Start of INPUT DATA
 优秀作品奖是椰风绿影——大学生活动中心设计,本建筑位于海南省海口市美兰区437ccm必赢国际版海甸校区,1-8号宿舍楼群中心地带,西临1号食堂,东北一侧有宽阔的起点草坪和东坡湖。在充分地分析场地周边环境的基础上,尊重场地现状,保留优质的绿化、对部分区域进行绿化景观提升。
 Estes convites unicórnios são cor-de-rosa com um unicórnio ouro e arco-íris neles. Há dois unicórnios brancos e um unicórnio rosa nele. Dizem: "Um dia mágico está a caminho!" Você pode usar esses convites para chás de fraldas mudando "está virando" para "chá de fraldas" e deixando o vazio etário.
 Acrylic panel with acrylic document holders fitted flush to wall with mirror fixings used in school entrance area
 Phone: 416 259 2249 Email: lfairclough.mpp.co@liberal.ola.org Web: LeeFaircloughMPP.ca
End of INPUT DATA
Start of INPUT DATA
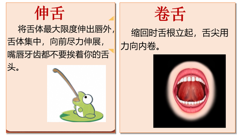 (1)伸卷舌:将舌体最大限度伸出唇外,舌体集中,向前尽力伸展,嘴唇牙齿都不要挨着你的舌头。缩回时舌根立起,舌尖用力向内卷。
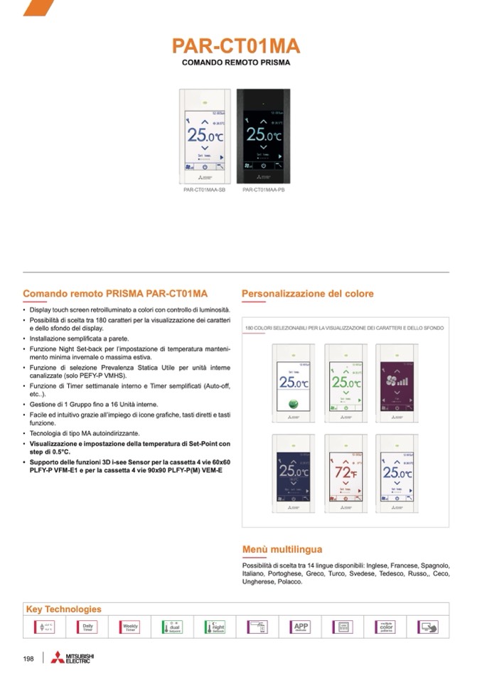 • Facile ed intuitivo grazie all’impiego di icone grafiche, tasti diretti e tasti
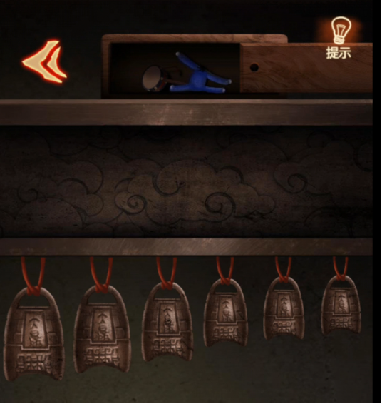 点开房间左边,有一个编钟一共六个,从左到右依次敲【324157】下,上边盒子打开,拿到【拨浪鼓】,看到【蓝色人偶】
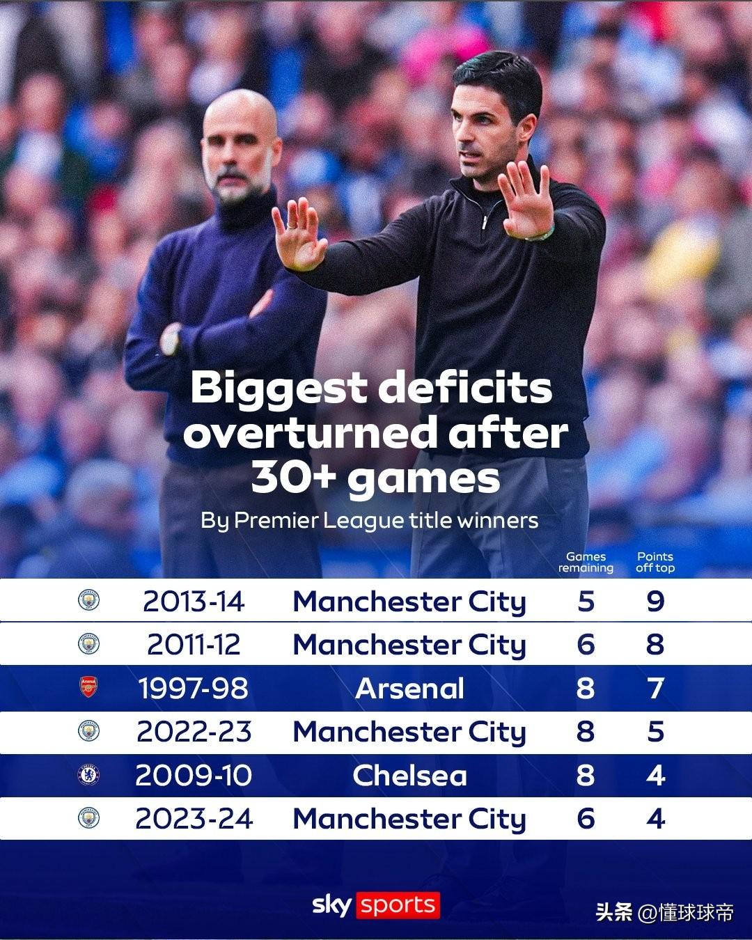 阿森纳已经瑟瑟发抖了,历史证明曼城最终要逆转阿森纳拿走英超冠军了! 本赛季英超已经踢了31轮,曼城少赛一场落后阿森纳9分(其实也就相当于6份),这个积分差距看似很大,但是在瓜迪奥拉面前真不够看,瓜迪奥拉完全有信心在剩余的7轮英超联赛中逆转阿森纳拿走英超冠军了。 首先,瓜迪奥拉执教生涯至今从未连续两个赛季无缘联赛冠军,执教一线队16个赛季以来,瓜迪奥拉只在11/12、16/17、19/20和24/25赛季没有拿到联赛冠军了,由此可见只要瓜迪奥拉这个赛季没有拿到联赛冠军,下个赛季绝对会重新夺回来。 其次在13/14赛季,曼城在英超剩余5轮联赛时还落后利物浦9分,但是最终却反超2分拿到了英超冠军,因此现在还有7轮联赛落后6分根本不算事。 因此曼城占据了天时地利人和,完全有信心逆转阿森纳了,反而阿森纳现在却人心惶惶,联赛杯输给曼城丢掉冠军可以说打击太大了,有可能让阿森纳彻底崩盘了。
End of INPUT DATA
_WORK REQUIRED_: As the answer, set down only the lines from the data above between the one holding "Estes convites unicórnios" and the one holding "Phone: 416 259", inclusive, exactly as they read.

_TASK SOLUTION_:
 Estes convites unicórnios são cor-de-rosa com um unicórnio ouro e arco-íris neles. Há dois unicórnios brancos e um unicórnio rosa nele. Dizem: "Um dia mágico está a caminho!" Você pode usar esses convites para chás de fraldas mudando "está virando" para "chá de fraldas" e deixando o vazio etário.
 Acrylic panel with acrylic document holders fitted flush to wall with mirror fixings used in school entrance area
 Phone: 416 259 2249 Email: lfairclough.mpp.co@liberal.ola.org Web: LeeFaircloughMPP.ca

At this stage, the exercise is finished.